== The records ==
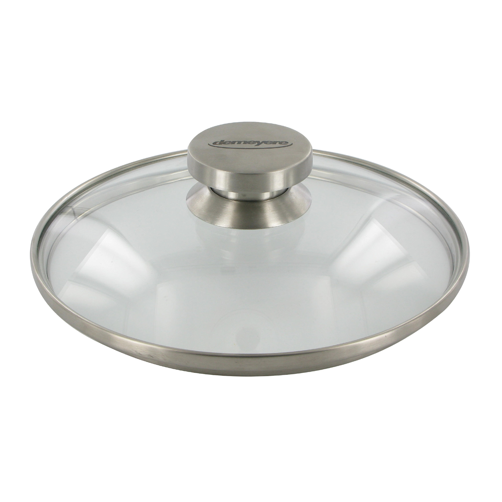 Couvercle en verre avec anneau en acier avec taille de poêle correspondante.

* * *

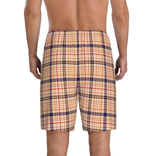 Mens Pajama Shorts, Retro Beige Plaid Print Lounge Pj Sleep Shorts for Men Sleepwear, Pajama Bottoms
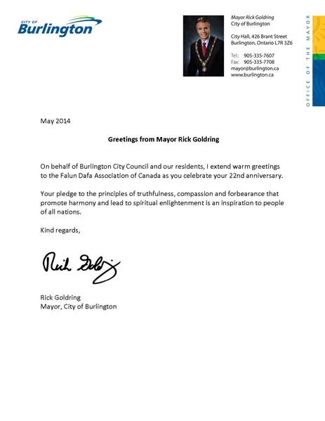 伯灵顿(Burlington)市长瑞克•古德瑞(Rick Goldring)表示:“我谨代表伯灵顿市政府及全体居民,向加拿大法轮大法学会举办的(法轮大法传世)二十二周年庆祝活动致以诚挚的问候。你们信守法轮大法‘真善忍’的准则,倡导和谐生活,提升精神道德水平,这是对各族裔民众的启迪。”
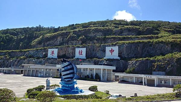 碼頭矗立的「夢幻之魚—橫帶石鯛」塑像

...

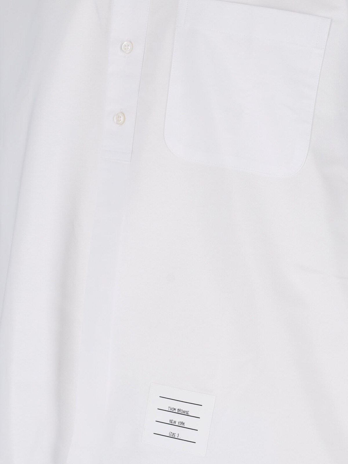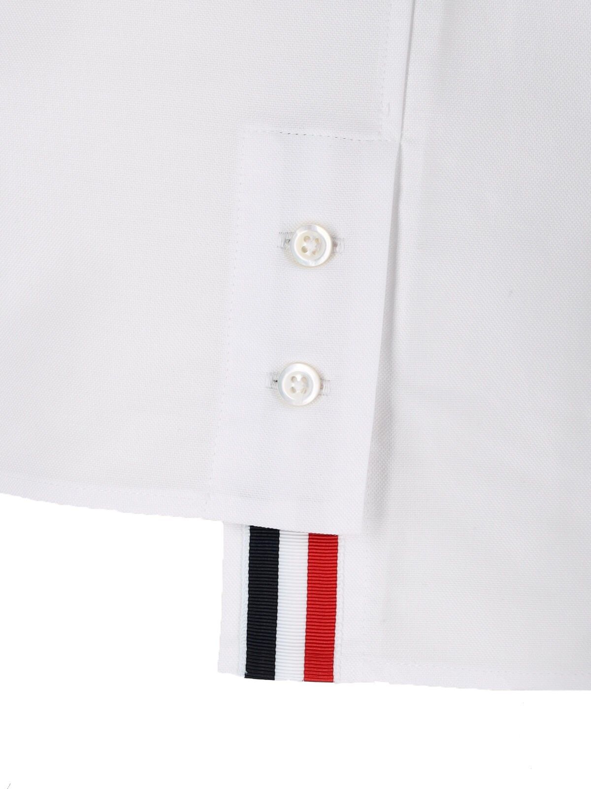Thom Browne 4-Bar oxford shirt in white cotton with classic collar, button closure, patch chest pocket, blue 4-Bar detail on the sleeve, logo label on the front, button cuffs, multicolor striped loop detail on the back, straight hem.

== Problem details ==
Your task is to copy only the lines above starting at the one containing "伯灵顿(Burlington" and ending at the one containing "碼頭矗立的「夢幻之魚—橫帶石鯛」塑像". Copy them exactly, both ends included, and omit the pictures.

== Task result ==
 伯灵顿(Burlington)市长瑞克•古德瑞(Rick Goldring)表示:“我谨代表伯灵顿市政府及全体居民,向加拿大法轮大法学会举办的(法轮大法传世)二十二周年庆祝活动致以诚挚的问候。你们信守法轮大法‘真善忍’的准则,倡导和谐生活,提升精神道德水平,这是对各族裔民众的启迪。”
 碼頭矗立的「夢幻之魚—橫帶石鯛」塑像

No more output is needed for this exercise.